Conducted hypothesis testing and A/B testing through web analytics tools like Google Analytics, Facebook analytics
Performed ad-hoc tasks to generated reports and forecasts on web traffic, revenue and sales to marketing and sales team.
Collaborated with data engineer team for importing and exporting from RDBMS to HDFS using Hadoop, HBase, Hive
California State University-Fresno Fresno, CA
Master of Science, Major: Computer Science 08/2016 – 12/2018
Jawaharlal Nehru Technological University Hyderabad, India
Bachelor of Technology, Major: Computer Science 08/2012 – 05/2016
Personal Projects (Portfolio - Click Here )
Customer Segmentation (Demo: Link )
Developed customer segmentation on e-commerce customers data using MySQL to extract and integrate, Python to preprocess, visualize and trained using unsupervised learning techniques like KMeans and Gaussian mixture models.
The clusters helped simplify complex patterns of customer behavior, purchase patterns, web behavior to set strategies for customer retention, acquisition, spend and loyalty.
Customer Lifetime Value (Demo: Link )
Developed a predictive model using XGBoost to estimate lifetime value of each customer of an e-commerce business.

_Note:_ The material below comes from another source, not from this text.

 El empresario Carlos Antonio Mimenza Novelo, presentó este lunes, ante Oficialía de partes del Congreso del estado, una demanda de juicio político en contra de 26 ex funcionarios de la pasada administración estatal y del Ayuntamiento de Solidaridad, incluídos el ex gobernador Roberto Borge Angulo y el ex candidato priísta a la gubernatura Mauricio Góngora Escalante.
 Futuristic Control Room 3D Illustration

Clustered the customers based on the lifetime value to investigate the variables impacting customer LTV, through these insights derived strategies to increase the customer lifetime value, retention and churn.

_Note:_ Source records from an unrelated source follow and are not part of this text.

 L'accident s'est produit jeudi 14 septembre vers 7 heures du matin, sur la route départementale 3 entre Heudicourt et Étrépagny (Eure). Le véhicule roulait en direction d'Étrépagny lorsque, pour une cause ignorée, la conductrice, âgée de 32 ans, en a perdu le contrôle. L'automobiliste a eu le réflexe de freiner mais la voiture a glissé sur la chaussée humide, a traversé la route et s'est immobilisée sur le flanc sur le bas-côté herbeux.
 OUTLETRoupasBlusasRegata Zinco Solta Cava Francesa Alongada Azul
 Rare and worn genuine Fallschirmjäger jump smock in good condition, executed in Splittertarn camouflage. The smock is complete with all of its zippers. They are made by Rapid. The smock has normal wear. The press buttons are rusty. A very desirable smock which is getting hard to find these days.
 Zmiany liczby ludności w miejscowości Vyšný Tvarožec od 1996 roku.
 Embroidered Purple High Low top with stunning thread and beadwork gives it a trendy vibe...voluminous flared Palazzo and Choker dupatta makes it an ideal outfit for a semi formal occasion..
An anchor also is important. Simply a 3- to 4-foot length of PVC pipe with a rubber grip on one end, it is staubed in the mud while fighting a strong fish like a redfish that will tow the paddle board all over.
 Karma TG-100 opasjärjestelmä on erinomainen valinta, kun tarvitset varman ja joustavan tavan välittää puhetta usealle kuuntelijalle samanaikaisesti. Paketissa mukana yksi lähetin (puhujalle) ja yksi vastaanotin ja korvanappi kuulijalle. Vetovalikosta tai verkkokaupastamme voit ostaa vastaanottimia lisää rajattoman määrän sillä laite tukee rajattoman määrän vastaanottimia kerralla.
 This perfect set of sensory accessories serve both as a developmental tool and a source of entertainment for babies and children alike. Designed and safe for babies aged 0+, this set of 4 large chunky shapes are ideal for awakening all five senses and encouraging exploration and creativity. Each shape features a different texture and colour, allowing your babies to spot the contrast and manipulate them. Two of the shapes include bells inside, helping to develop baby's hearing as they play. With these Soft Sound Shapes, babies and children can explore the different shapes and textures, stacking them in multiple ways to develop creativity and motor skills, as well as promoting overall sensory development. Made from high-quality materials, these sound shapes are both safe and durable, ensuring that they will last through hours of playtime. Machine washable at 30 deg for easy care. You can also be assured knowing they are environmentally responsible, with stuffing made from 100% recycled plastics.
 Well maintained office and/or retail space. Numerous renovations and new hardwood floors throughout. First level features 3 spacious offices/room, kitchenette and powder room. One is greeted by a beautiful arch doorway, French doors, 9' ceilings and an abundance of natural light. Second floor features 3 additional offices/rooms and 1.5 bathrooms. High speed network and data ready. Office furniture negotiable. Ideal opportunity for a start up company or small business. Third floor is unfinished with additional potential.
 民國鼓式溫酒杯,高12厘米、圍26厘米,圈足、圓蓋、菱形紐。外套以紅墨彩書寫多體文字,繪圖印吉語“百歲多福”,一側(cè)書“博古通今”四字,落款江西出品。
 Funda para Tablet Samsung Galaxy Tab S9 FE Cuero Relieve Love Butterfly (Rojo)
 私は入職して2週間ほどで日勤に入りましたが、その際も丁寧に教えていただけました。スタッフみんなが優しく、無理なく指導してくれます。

Fraudulent Transaction Detection (Demo: Link )
Developed classifier on credit card transactional (time-series) data to detect the fraudulent transaction using Logistic Regression algorithm
Implemented sampling techniques like oversampling, under-sampling methods and Gaussian methods to add noise to reduce the imbalance in the data. Tuned the model using regularization techniques, and improved the model performance from 4% to 0.44% misclassifications on testing data
Customer Churn Analysis (Demo: Link )
Analyzed customer attributes like login patterns, spend time, likes, dislikes, purchases, complaints, etc. Built a classifier trained over XGBoost algorithm to predict the customer churn
Improved the model performance with F-score of 0.62 to 0.82 by implementing sampling techniques like oversampling, and under-sampling methods to reduce imbalance in the data; correlation analysis and t-test for feature selection
Price Forecasting (Demo: Link )
Implemented the ARIMA model to forecast oil prices. Conducted Augmented Dickey-Fuller test to evaluate the stationarity in the data. Reduced the stationarity using data transformations, decomposition technique to analyze Residual, Trend in the time-series data.

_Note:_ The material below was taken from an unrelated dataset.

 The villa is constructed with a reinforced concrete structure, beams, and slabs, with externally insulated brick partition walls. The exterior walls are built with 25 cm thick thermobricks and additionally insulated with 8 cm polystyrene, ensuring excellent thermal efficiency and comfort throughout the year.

Tuned model parameters (p, d, q for ARIMA) using walk-forward validation techniques and PCAF, ACF analysis
Marketing campaign Analysis (Demo: Link )
Devised a predictive model to improve the targeted marketing strategy by analyzing the past campaign data of Portuguese bank customer data.
Used correlation analysis and t-test for feature selection. Trained the data over Adaboost algorithm and tuned the parameter to improve the performance of mean AUC score 0.81. This model helped to interpret the attributes and helped to draft the strategy and channelize the campaign to improve the customer base.